I've loved books and fishing since my youngest years, although I did not start fly fishing until 1993. This column will give me an opportunity to share reviews of some of my favorite fly fishing and tying books (and some that are not such favorites) with my friends here at FAOL. My library reflects my tastes and interests, and so will this column. It will be heavily slanted towards cold water fishing and tying for trout and steelhead, and won't touch much on areas of which I know little, such as warm or salt water fishing.

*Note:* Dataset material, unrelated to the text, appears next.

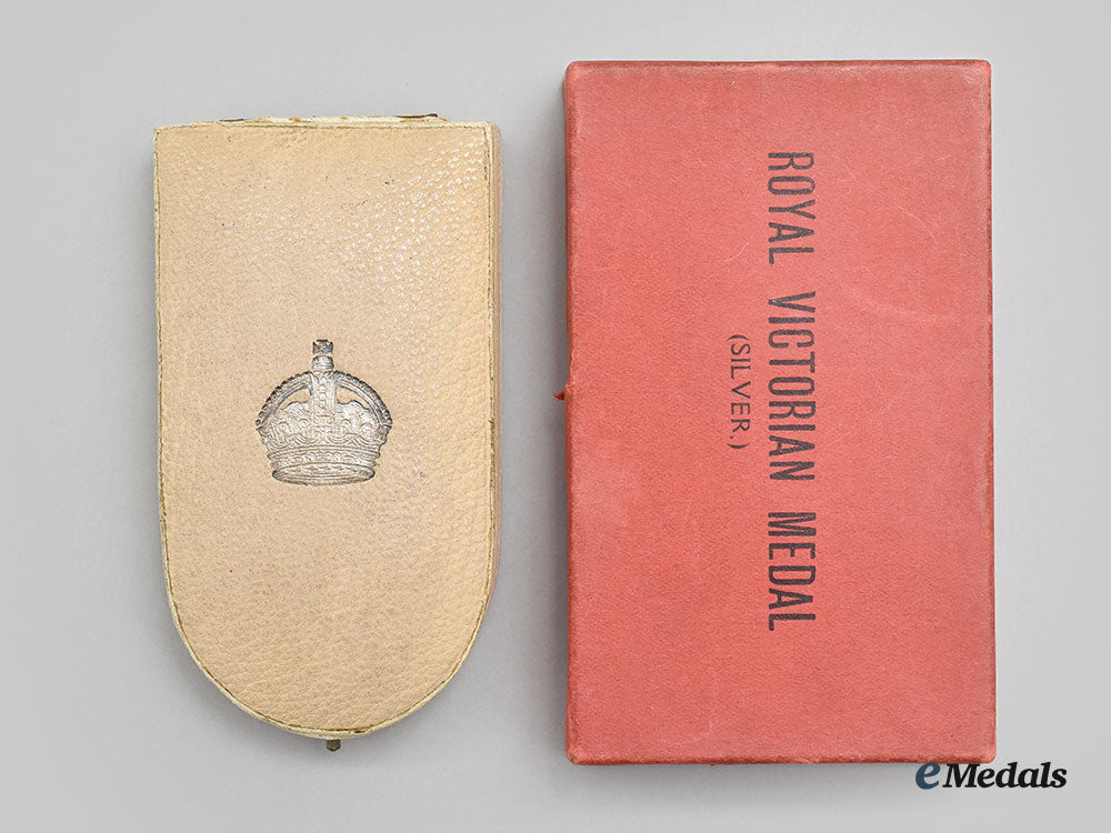 The case is fit into a red cardboard box, exterior states “ROYAL VICTORIAN MEDAL (SILVER,)” small rip at edge, minor fading, in very fine condition.

I hope that these reviews will motivate some of you to pick up a good book, on this or any subject, and read. ~ Stu Farnham


by Ernest Schwiebert
Hardcover, 339 pages.
Winchester Press; (March 1973)
ISDN: 0832907464

Ernest Schwiebert seems larger than life to me. The photograph from the back cover of Nymphs shows him holding a large trout by the head; the photo projects a vigorous energy. His best known works are impressive in their scope and impact, and sometimes - as is the case with this book and Schwiebert's magnum opus, the 1100+ page, two volume Trout - in sheer size.

Ernest Schweibert

Nymphs is the intersection of two trends in North American fly fishing: the use of subsurface imitative flies, as pioneered in the U.S. by James Leisenring, and entomologically-informed pattern selection, driven in large part by Schwiebert's own Matching the Hatch.

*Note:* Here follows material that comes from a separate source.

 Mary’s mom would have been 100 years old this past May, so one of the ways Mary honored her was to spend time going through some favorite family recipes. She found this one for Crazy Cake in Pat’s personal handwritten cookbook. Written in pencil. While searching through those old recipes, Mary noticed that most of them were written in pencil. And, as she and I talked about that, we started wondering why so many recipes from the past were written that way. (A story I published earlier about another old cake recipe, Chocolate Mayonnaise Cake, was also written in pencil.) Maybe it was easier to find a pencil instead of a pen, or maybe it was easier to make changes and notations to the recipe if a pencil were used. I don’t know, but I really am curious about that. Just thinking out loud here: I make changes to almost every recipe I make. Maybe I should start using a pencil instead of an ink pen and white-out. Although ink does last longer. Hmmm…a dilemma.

The book opens with two chapters of history, with the work of G.E.M. Skues marking the transition between historical and modern subsurface techniques. The historical section is mostly British and North American in focus, leading from Bernes, Walton, Cotton, and Tavener through Pritt and Bergman. Most discussions of nymph fishing in the UK talk only of Skues; Schwiebert fills out the picture with references to works by Mottram, Dunne, Sawyer (who developed the pheasant tail nymph), and Ritz. He credits Colonel E.W. Harding's 1931 book The Flyfisher and the Trout's Point of View with having particular influence on important works such as Marinaro's A Modern Dry Fly Code, Swisher's & Richard's Selective Trout, and Schwiebert's own Matching the Hatch. The writings of E.R. Hewitt and Jim Leisenring were central to the development of nymph fishing in North America.

After a chapter on tackle considerations, we reach the heart of the book: almost three hundred pages of detailed entomological information on the immature forms of North American aquatic insects of interest to the trout fisher. The writing is Schwiebert at his finest, combining entomology, story telling, and practical information on presentation and technique.

Illustration from book

The color plates illustrating this book were drawn and colored by Schwiebert himself. These are incredibly detailed, accurately rendered drawings of the immature forms of several hundred species of stonefly, caddisfly, mayfly, and true fly.

For the fly tier there are pattern recipes for many of the species depicted and discussed in the book.

Nymphs is, unfortunately, long out of print. Used copies of the hardbound or softcover editions can be purchased, however, many in fine condition, from used booksellers. The scientific taxonomy has changed in places since 1973; for example, the Western March Brown known to present day entomologists as Rhithrogena Morrisoni was Ephemera Compar to Schwiebert.

There are many fine (and some not so fine) books for the fly fisher, and many fine writers. Nymphs, like much of the rest of the writings of Ernest Schwiebert, is monumental, and deserves space in the library of the serious fly fisher in North America. ~ Stu Farnham

About Stu

Stu tying Stu Farnham is a New Englander by birth, who was transplanted to and put down roots in Oregon in the early 1990s, now residing in the Seattle area. A software engineering manager by vocation, he can be found in his spare time chasing trout and steelhead in the rivers of the Pacific Northwest, chasing his four Gordon Setters (who in turn are chasing chukar), tying flies, reading, or working on his website. Colleen, his long suffering wife of 28 years, is a professionally trained personal chef.